В области древней науки оптики в XVII веке был совершён целый ряд фундаментальных открытий. Был наконец сформулирован правильный закон преломления света (Снеллиус, 1621 год), а Ферма открыл основополагающий для геометрической оптики вариационный принцип[59]. В 1676 году Оле Рёмер получил первую оценку скорости света. Итальянский физик Гримальди обнаружил явления интерференции и дифракции света (опубликовано посмертно, в 1665 году), в 1668 году было открыто двойное лучепреломление, а в 1678 году — поляризация света (Гюйгенс)[59].
Продолжались споры сторонников корпускулярной и волновой природы света. Гюйгенс в «Трактате о свете» построил первую качественную и отчасти математическую модель световых волн — ещё несовершенную, так как она не могла объяснить ни дифракции, ни прямолинейного распространения света. Главным достижением Гюйгенса стал «принцип Гюйгенса», лежащий в основе волновой оптики — он наглядно объясняет ход распространения волны[60].
Важным этапом в развитии оптики и астрономии стало создание Ньютоном первого зеркального телескопа (рефлектора) с вогнутым сферическим зеркалом: в нём, в отличие от чисто линзовых телескопов, отсутствовала хроматическая аберрация. Ньютон также опубликовал теорию цветности, хорошо проверенную на опытах, и доказал, что белый солнечный свет есть наложение разноцветных составляющих. Свои представления о свойствах света (не отвлекаясь на гипотезы о его природе) Ньютон изложил в капитальной монографии «Оптика» (1704), на столетие определившей развитие этой науки[61].

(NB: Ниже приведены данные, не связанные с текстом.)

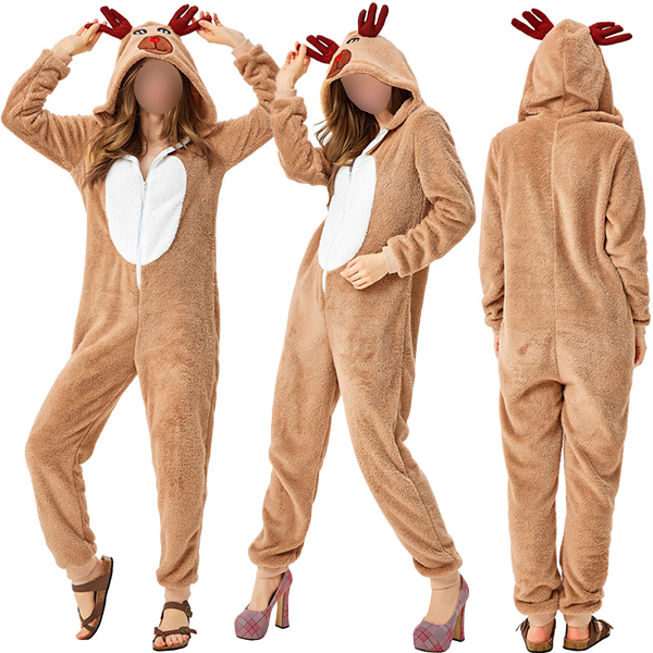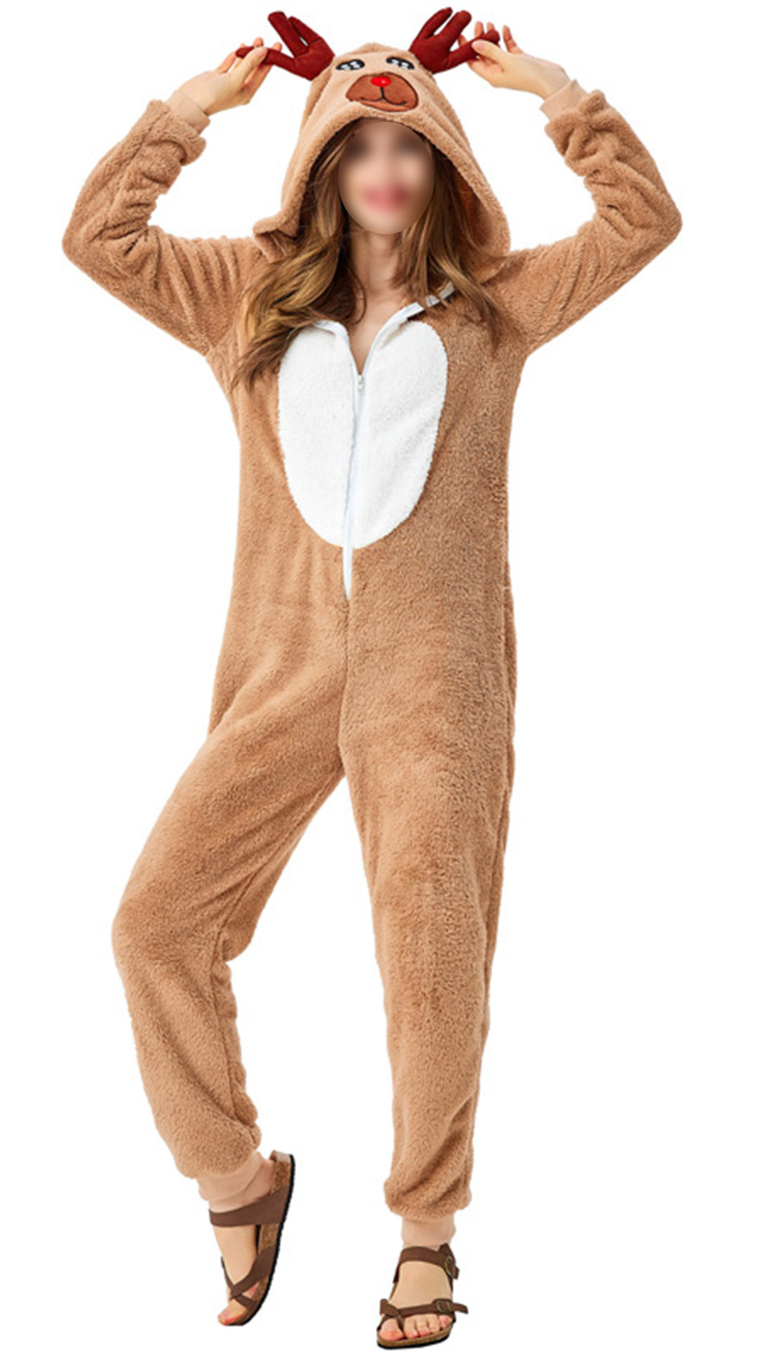 Get cozy and playful with this Elk Hood Pajamas Jumpsuit/Cosplay Costume. This adorable and comfortable jumpsuit is perfect for lounging around or even dressing up for a fun cosplay event.

Экспериментальная основа знаний об электричестве и магнетизме к началу XVI века включала только электризацию трением, свойство магнетита притягивать железо и способность намагниченной стрелки компаса указывать направление север — юг. Около XV века (возможно, и раньше) европейские мореплаватели выяснили, что стрелка компаса указывает не точно на север, а направлена к нему под некоторым углом («магнитным склонением»). Христофор Колумб обнаружил, что величина магнитного склонения зависит от географических координат, а картографы показали, что причиной этого эффекта является существование у Земли магнитных полюсов, не совпадающих с географическими. Некоторое время эффект пытались использовать для решения важнейшей задачи определения долготы в открытом море, но безуспешно[62]. В 1558 году итальянский алхимик Джамбаттиста делла Порта в труде «Натуральная магия» отметил несколько новых свойств магнита: магнитное воздействие не проникает за железную пластину достаточной величины, а при нагревании магнита до некоторой высокой температуры его магнитные свойства пропадают и при остывании не восстанавливаются[63].
В 1600 году врач английской королевы Уильям Гильберт опубликовал результаты своих 17-летних экспериментальных исследований электрических и магнитных явлений. Он подтвердил, что Земля является магнитом. Гильберт продемонстрировал, что при любом разрезании магнита у полученных фрагментов всегда два полюса. Для изучения электрических явлений Гильберт изобрёл электроскоп, с помощью которого разделил все вещества на «электрики» (то есть электризуемые, в современной терминологии — диэлектрики) и «не-электрики» (например, проводники, заряды на которых через руки экспериментатора уходили в землю). Именно У. Гильберт придумал термин «электричество»[62].
Отто фон Герике в 1672 году опубликовал собственные результаты экспериментов. Он изобрёл довольно мощную электростатическую машину (вращающийся шар из серы, электризуемый прижатой рукой) и впервые отметил явление бесконтактного переноса электризации от заряженного тела другому, расположенному неподалёку (или соединённому с первым телом льняной ниткой). Герике первым обнаружил, что наэлектризованные тела могут не только притягиваться, но и отталкиваться[64].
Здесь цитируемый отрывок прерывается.